А какой тополиный запах стоял во дворе Новокузнецкой! Всегда вспоминаешь степную родину с пирамидальными тополями, хоть и не растут они здесь… Жаль, что нынче не лето. За сорок лет жизни в Москве он, человек южный, так и не привык к ее стылой-постылой холодине.

Пархоменко вышел из дворика, где пронеслось его личное счастье, свернул направо и остановился у церкви Николы в Кузнецах. Он смотрел в низкое небо и упрашивал несговорчивого Бога о вразумлении отступницы.

Если бы он вошел в двери храма, то увидел бы у иконы Николая Чудотворца плачущую непутевую дочь.


Но за полгода до эмиграции они с Галей так и не встретились. Михаил Пархоменко всегда отвечал за свои слова.

* * *

– …умер от разрыва сердца, если бы я тебе сказала, что творится в Сашиной школе!


Я умер не от этого, Галушка.


– Против системы интернатов, советской, заметь, системы бесполезно бороться, пап!


Бесконечное размусоленное нытье о том, как непросто жить.

Времена всегда одинаковые, да и люди не меняются. Всегда есть подлецы, и умниц – единицы, но разве ж думал я, в кого превратится моя собственная дочь? Как у Симонова: «Он еще не знал этого и спокойно ехал вперед, навстречу гибели».[8]

Где это все, что я заложил в тебя и воспитывал? Через тернии – к звездам. Победа приходит в сраженьях. И как бы трудно ни бывало, ты верен был своей мечте. Ты все забыла, Галушка?

Дочь улыбнулась правым уголком рта:

– Так я же об этом, пап. А может, есть счастье без рвущихся жил и терний? А вдруг мы не обязаны его выстрадать?


Он поднял бровь, и Галя без труда прочитала: «Ты шо, дурочка, что ль?»


– Ты поступал, как считал нужным. В своих ли интересах действовал, в моих – сейчас не важно, – Галя разговаривала с ним, как с чужим. – Теперь я буду делать то, что нужно для моих детей. Если не увезти Сашу в Америку, он закончит жизнь в ПНИ. Это психоневрологический интернат, если ты не знаешь.

– Что ж… Я ему очень сочувствую, но значит… Это – его судьба.

Галя поднялась со стула, положила на столик оскорбительную тысячу рублей и отчеканила:

– День вылета и номер рейса ты знаешь.

Его взгляд потемнел. Он вскочил, брезгливо схватил Галины деньги и сунул ей в карман пальто. Сказал с ожесточением, удерживаясь от крика:

– Если ты сейчас уйдешь, ты мне больше не дочь.

Галя отшатнулась, уводя глаза в сторону, но Пархоменко заметил ее слезы.

– Таков твой последний отцовский наказ? – глухо спросила дочь.

– Именно так. Ты прекрасно слышала. Если не одумаешься, прошу мне больше не звонить. Никогда!

* * *

Михаил Юрьевич курил в распахнутое окно, вспоминая проклятую сцену. Это – конец, осознал он тогда, расплачиваясь с официанткой.

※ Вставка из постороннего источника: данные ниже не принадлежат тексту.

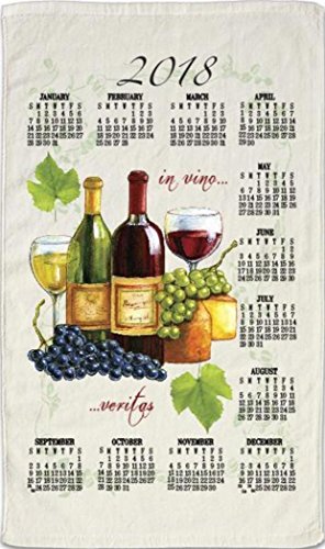 2018 Kitchen Linen Calendar Towel with Dowel for Easy Hanging (Wine & Cheese)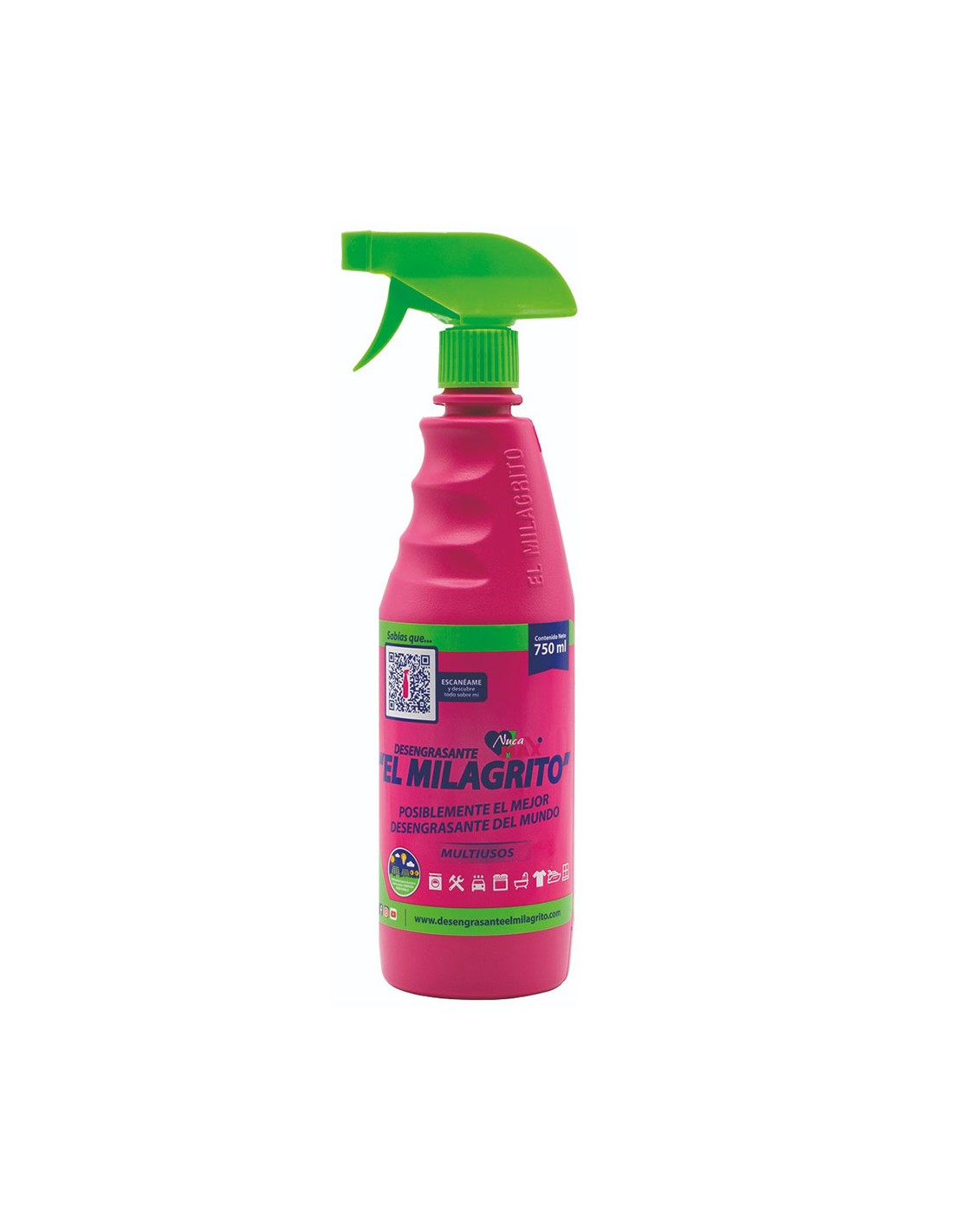 Quitagrasas el milagrito 750ml pistola. disuelve la grasa más difícil sobre la gran mayoría de superficies. además, es un quitamanchas eficaz, que sobre los tejidos de colores sólidos no hay mancha que se le resista. sirve para limpiar cocinas (vitrocerámicas, hornos, fogones, microondas, encimeras...), baños (azulejos, suelos, bañeras...), talleres e industria (herramientas, suelos, motores...), tejidos y calzado (ropa, alfombras, zapatillas...), embarcaciones (barcos, lanchas, veleros, canoas...). uso cómodo gracias a su tapón push pull.

И пока блуждал по Пятницкой, все повторял эту гибельную фразу, привыкая к тяжести оледеневшего сердца. Он ощущал себя человеком, который только что развернул в руках «похоронку». Кружил у метро, нашептывая строчки великого казака:

Уходили мы из Крыма
Среди дыма и огня;
Я с кормы все время мимо
В своего стрелял коня.[9]

И если бы в ту минуту был под рукой пистолет… Нет, в дочь бы он стрелять не стал.

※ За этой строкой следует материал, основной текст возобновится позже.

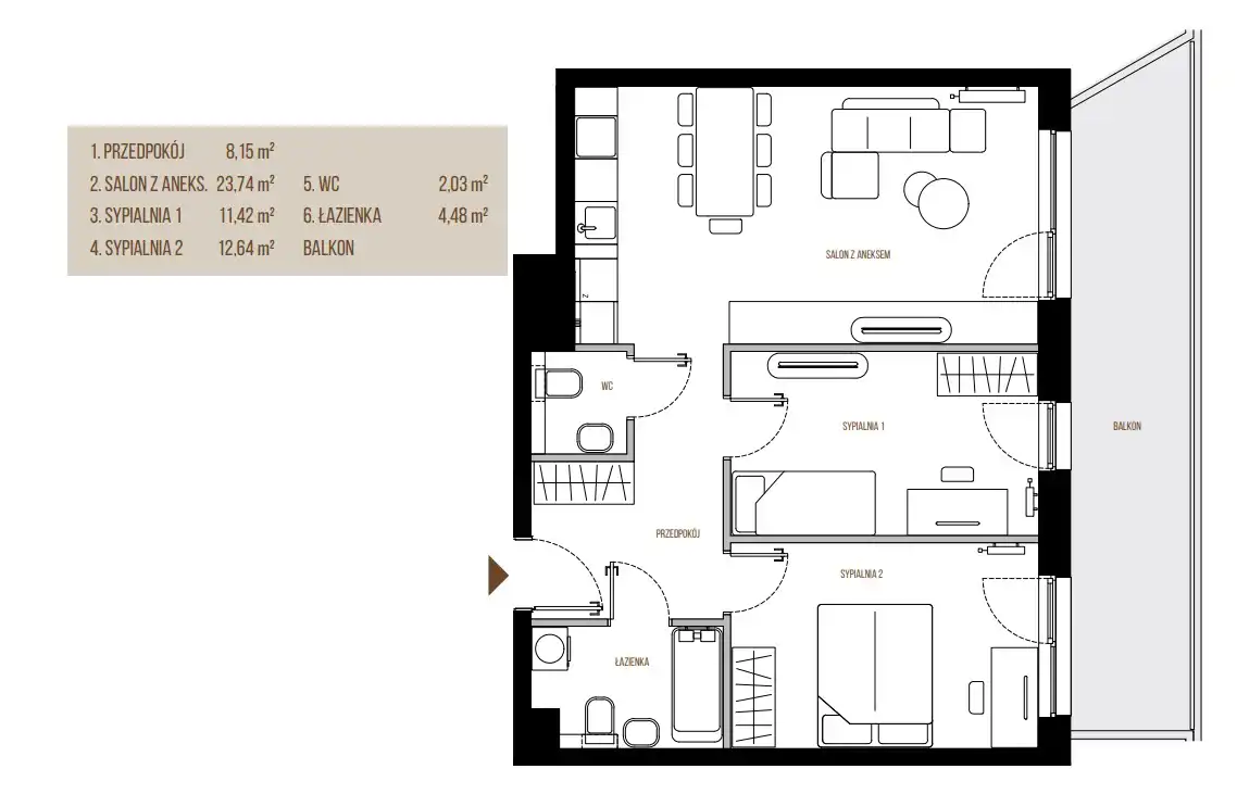 • Mieszkania o powierzchni od 39 m² do 114 m²

Он видел Галушку в последний раз, разглядывая через окно ресторана ее неровную походку. Каждый ее шаг, покачивание из стороны в сторону и отмашка правой рукой напоминали ему себя. Пархоменко вышел на улицу, рыдая в голос.

Да, застрелиться сейчас было бы наилучшим решением. Жить теперь незачем.

Он шел, не стесняясь слез и отмахиваясь от участливых женщин. Даже сейчас эти бабы не оставляют его в покое!


Наутро он вызвал Ревзина, достал из сейфа свои таблицы, на которых были расписаны суммы и названия банков. Каждый лист украшал художественно выписанный эпиграф: «Дочери моей Галине, внукам Григорию и Александру посвящается».